Records from a data source:
════════════════════

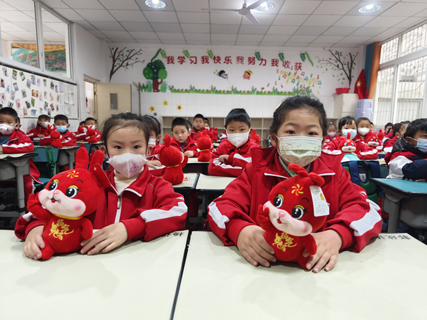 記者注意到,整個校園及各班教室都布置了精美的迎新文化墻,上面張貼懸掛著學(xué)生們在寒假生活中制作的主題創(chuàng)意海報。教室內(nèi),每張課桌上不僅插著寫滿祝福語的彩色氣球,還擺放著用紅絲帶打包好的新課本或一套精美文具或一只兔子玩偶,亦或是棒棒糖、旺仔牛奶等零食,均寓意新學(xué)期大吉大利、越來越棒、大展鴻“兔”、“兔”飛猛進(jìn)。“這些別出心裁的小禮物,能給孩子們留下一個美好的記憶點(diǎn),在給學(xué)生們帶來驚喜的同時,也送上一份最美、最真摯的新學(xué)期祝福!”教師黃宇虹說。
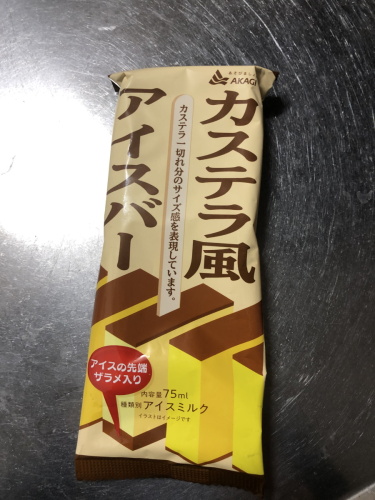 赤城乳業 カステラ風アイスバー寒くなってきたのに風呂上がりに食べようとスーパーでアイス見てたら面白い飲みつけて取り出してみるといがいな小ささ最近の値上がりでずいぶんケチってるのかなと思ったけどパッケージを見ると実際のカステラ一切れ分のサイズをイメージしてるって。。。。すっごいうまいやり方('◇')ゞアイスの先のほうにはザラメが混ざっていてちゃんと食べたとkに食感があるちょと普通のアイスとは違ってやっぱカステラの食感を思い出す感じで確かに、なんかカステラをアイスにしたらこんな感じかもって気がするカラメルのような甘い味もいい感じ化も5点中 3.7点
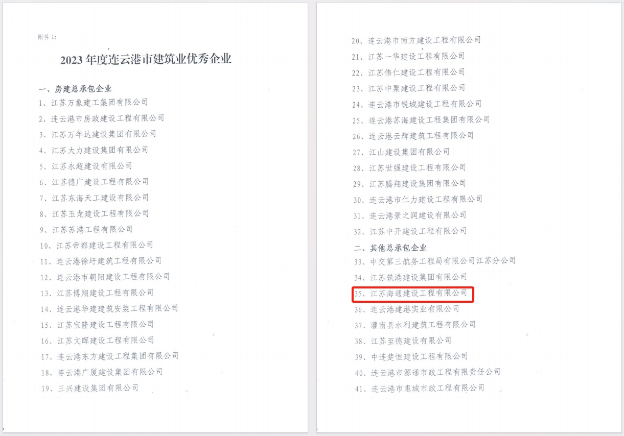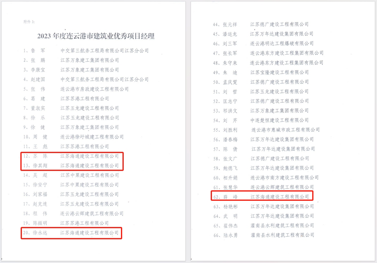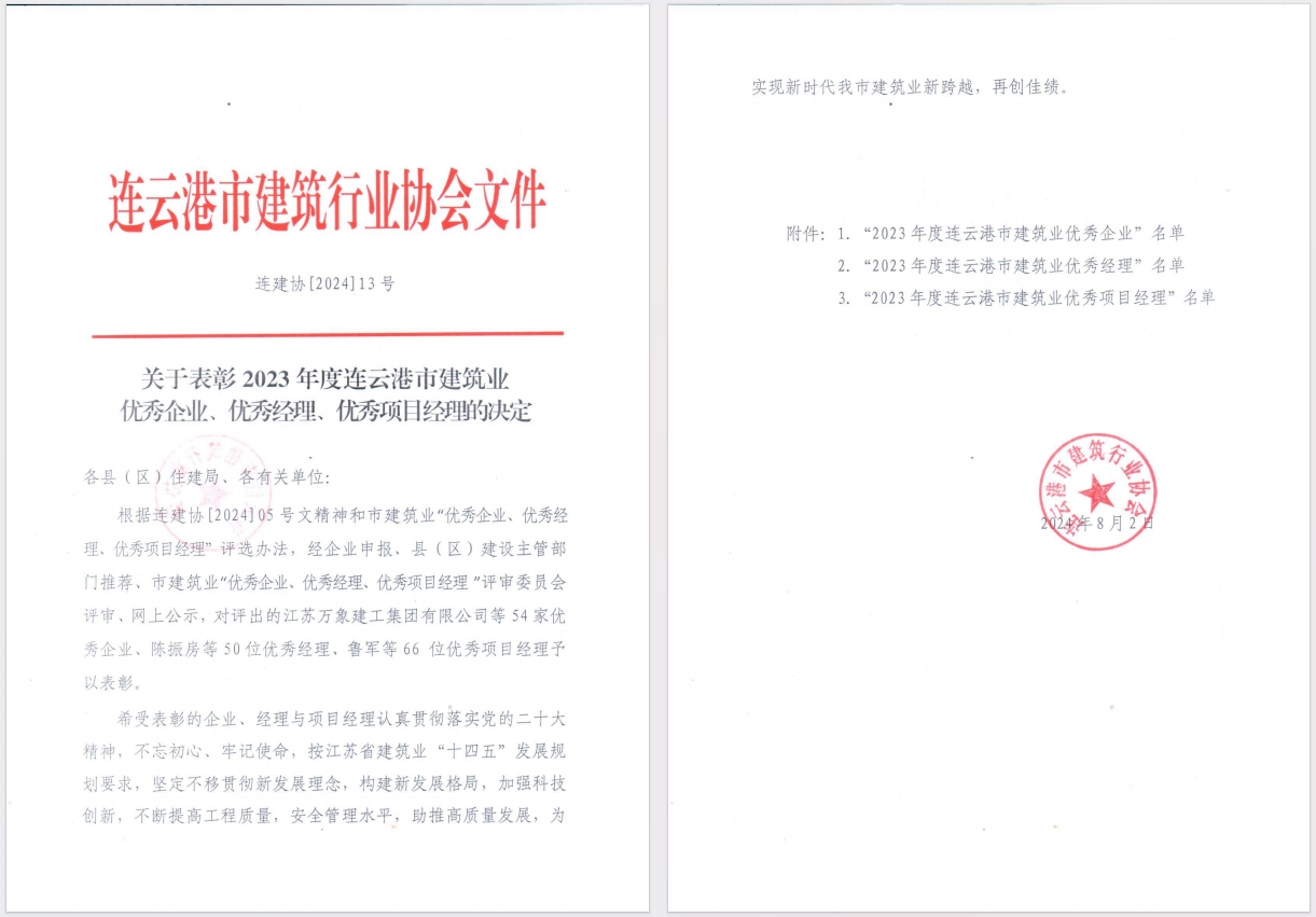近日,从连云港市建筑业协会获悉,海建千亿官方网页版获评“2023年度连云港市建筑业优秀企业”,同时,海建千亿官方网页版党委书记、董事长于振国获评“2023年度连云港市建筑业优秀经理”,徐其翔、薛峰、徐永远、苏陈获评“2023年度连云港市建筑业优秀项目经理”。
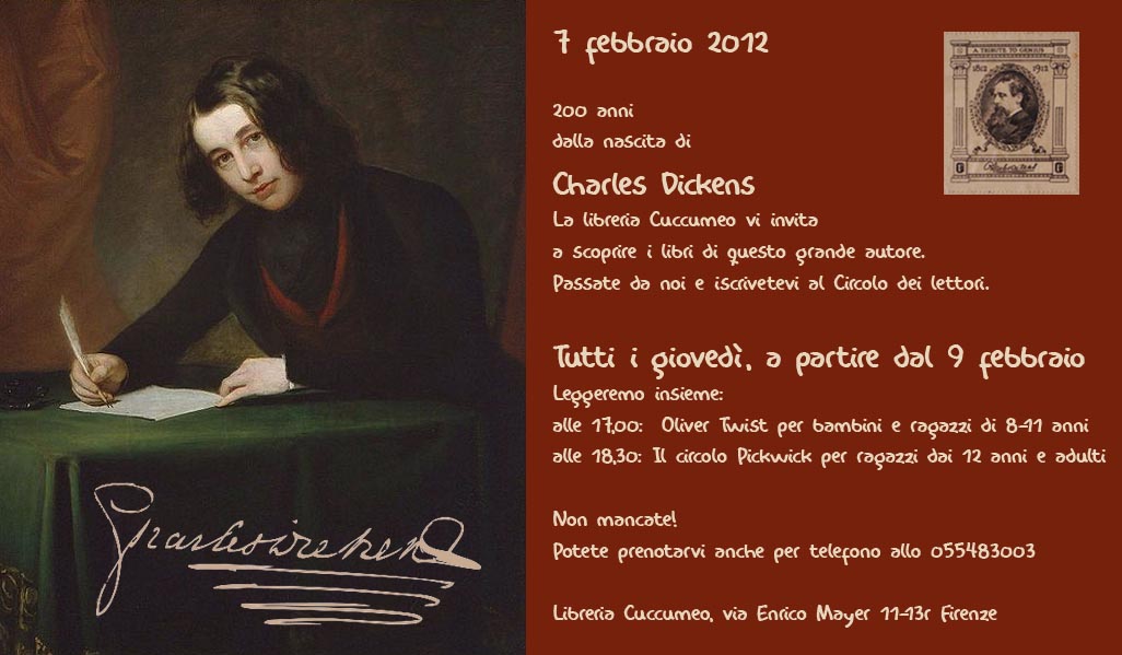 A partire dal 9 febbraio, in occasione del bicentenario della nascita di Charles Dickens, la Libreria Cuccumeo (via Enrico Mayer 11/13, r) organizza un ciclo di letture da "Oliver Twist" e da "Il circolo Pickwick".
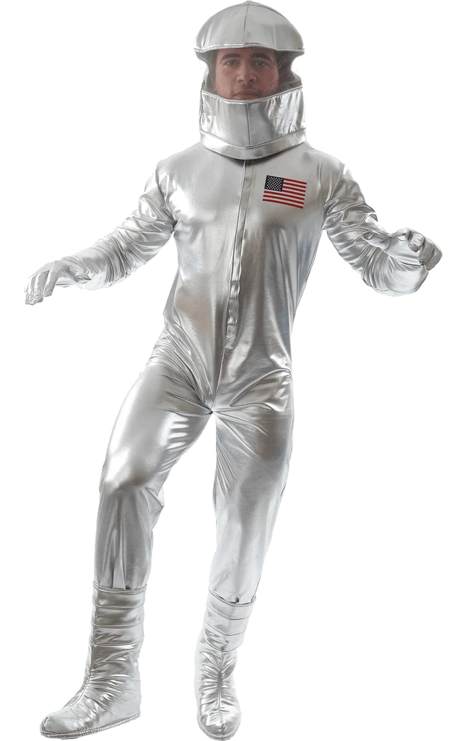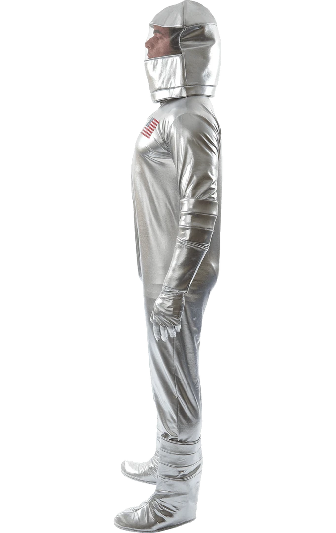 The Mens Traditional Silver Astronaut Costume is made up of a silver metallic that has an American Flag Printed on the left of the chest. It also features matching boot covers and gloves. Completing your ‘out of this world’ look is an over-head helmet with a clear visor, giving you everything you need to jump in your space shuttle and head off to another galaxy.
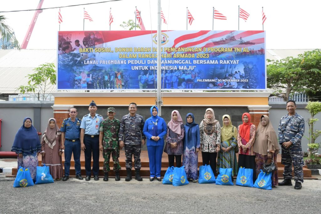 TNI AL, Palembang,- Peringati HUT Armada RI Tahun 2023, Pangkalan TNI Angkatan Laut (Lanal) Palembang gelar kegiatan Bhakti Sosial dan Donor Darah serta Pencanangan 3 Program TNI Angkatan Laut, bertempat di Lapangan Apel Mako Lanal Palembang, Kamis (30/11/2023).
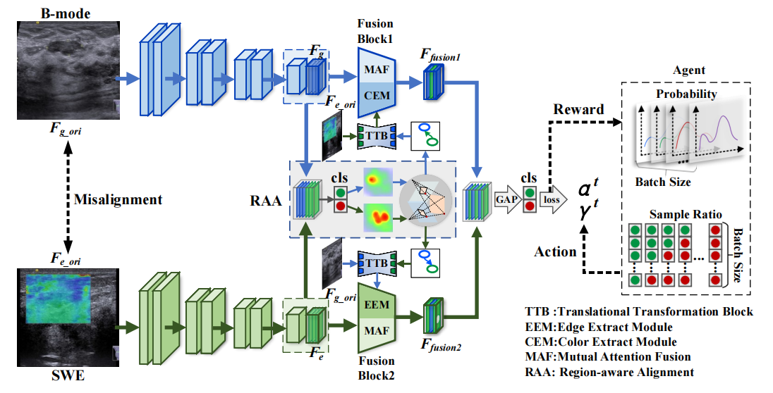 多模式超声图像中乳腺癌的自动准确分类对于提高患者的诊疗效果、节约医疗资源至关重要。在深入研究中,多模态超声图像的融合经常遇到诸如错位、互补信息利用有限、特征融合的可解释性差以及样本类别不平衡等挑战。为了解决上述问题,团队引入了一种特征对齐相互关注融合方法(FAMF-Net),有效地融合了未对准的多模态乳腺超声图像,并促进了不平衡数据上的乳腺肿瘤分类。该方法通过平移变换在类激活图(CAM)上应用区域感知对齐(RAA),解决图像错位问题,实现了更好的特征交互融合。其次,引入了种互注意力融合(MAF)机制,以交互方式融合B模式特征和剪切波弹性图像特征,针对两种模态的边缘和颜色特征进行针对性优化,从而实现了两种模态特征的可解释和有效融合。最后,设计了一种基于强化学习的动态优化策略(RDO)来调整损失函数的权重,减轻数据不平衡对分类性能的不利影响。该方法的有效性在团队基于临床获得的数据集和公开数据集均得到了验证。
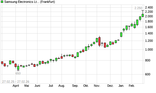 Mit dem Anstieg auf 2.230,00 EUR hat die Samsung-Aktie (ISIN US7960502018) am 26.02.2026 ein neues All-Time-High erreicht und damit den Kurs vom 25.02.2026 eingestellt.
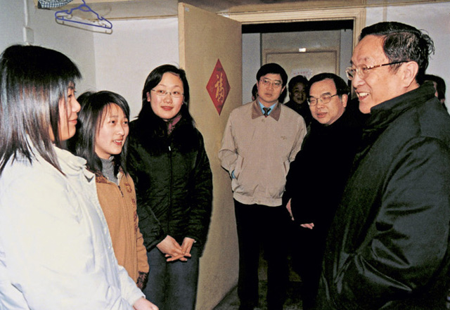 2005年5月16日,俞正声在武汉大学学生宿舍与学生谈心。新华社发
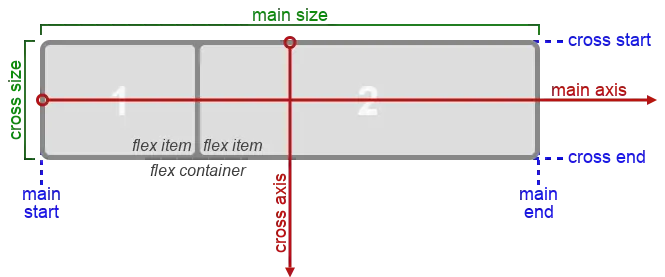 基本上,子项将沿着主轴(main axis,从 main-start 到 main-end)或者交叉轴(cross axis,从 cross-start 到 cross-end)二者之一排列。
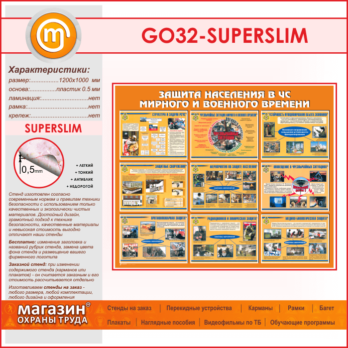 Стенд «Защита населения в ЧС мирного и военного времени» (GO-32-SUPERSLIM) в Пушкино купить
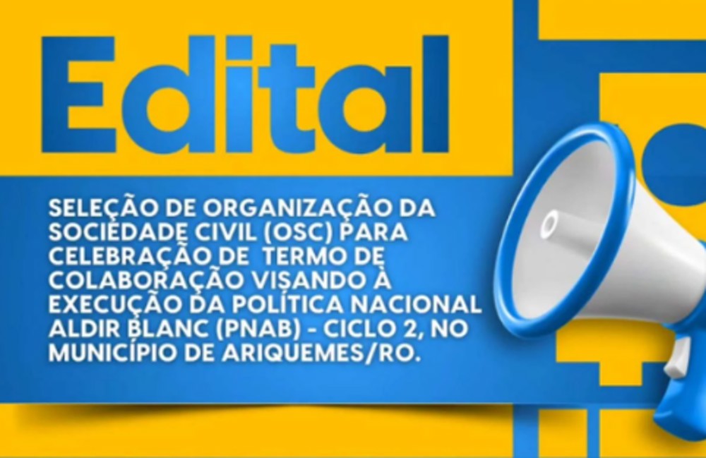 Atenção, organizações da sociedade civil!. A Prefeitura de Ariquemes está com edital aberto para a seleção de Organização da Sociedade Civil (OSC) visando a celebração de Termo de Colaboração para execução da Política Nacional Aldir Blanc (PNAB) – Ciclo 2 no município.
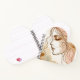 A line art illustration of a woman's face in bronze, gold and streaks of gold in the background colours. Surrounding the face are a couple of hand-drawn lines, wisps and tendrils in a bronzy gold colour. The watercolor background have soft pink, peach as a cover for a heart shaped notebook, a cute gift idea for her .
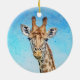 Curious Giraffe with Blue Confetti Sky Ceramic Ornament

════════════════════

• _Description of the task_: Every line above should be retyped exactly; the pictures do not belong in the copy.

• _Answer to this task_:
 記者注意到,整個校園及各班教室都布置了精美的迎新文化墻,上面張貼懸掛著學(xué)生們在寒假生活中制作的主題創(chuàng)意海報。教室內(nèi),每張課桌上不僅插著寫滿祝福語的彩色氣球,還擺放著用紅絲帶打包好的新課本或一套精美文具或一只兔子玩偶,亦或是棒棒糖、旺仔牛奶等零食,均寓意新學(xué)期大吉大利、越來越棒、大展鴻“兔”、“兔”飛猛進(jìn)。“這些別出心裁的小禮物,能給孩子們留下一個美好的記憶點(diǎn),在給學(xué)生們帶來驚喜的同時,也送上一份最美、最真摯的新學(xué)期祝福!”教師黃宇虹說。
 赤城乳業 カステラ風アイスバー寒くなってきたのに風呂上がりに食べようとスーパーでアイス見てたら面白い飲みつけて取り出してみるといがいな小ささ最近の値上がりでずいぶんケチってるのかなと思ったけどパッケージを見ると実際のカステラ一切れ分のサイズをイメージしてるって。。。。すっごいうまいやり方('◇')ゞアイスの先のほうにはザラメが混ざっていてちゃんと食べたとkに食感があるちょと普通のアイスとは違ってやっぱカステラの食感を思い出す感じで確かに、なんかカステラをアイスにしたらこんな感じかもって気がするカラメルのような甘い味もいい感じ化も5点中 3.7点
近日,从连云港市建筑业协会获悉,海建千亿官方网页版获评“2023年度连云港市建筑业优秀企业”,同时,海建千亿官方网页版党委书记、董事长于振国获评“2023年度连云港市建筑业优秀经理”,徐其翔、薛峰、徐永远、苏陈获评“2023年度连云港市建筑业优秀项目经理”。
 A partire dal 9 febbraio, in occasione del bicentenario della nascita di Charles Dickens, la Libreria Cuccumeo (via Enrico Mayer 11/13, r) organizza un ciclo di letture da "Oliver Twist" e da "Il circolo Pickwick".
 The Mens Traditional Silver Astronaut Costume is made up of a silver metallic that has an American Flag Printed on the left of the chest. It also features matching boot covers and gloves. Completing your ‘out of this world’ look is an over-head helmet with a clear visor, giving you everything you need to jump in your space shuttle and head off to another galaxy.
 TNI AL, Palembang,- Peringati HUT Armada RI Tahun 2023, Pangkalan TNI Angkatan Laut (Lanal) Palembang gelar kegiatan Bhakti Sosial dan Donor Darah serta Pencanangan 3 Program TNI Angkatan Laut, bertempat di Lapangan Apel Mako Lanal Palembang, Kamis (30/11/2023).
 多模式超声图像中乳腺癌的自动准确分类对于提高患者的诊疗效果、节约医疗资源至关重要。在深入研究中,多模态超声图像的融合经常遇到诸如错位、互补信息利用有限、特征融合的可解释性差以及样本类别不平衡等挑战。为了解决上述问题,团队引入了一种特征对齐相互关注融合方法(FAMF-Net),有效地融合了未对准的多模态乳腺超声图像,并促进了不平衡数据上的乳腺肿瘤分类。该方法通过平移变换在类激活图(CAM)上应用区域感知对齐(RAA),解决图像错位问题,实现了更好的特征交互融合。其次,引入了种互注意力融合(MAF)机制,以交互方式融合B模式特征和剪切波弹性图像特征,针对两种模态的边缘和颜色特征进行针对性优化,从而实现了两种模态特征的可解释和有效融合。最后,设计了一种基于强化学习的动态优化策略(RDO)来调整损失函数的权重,减轻数据不平衡对分类性能的不利影响。该方法的有效性在团队基于临床获得的数据集和公开数据集均得到了验证。
 Mit dem Anstieg auf 2.230,00 EUR hat die Samsung-Aktie (ISIN US7960502018) am 26.02.2026 ein neues All-Time-High erreicht und damit den Kurs vom 25.02.2026 eingestellt.
 2005年5月16日,俞正声在武汉大学学生宿舍与学生谈心。新华社发
 基本上,子项将沿着主轴(main axis,从 main-start 到 main-end)或者交叉轴(cross axis,从 cross-start 到 cross-end)二者之一排列。
 Стенд «Защита населения в ЧС мирного и военного времени» (GO-32-SUPERSLIM) в Пушкино купить
 Atenção, organizações da sociedade civil!. A Prefeitura de Ariquemes está com edital aberto para a seleção de Organização da Sociedade Civil (OSC) visando a celebração de Termo de Colaboração para execução da Política Nacional Aldir Blanc (PNAB) – Ciclo 2 no município.
 A line art illustration of a woman's face in bronze, gold and streaks of gold in the background colours. Surrounding the face are a couple of hand-drawn lines, wisps and tendrils in a bronzy gold colour. The watercolor background have soft pink, peach as a cover for a heart shaped notebook, a cute gift idea for her .
 Curious Giraffe with Blue Confetti Sky Ceramic Ornament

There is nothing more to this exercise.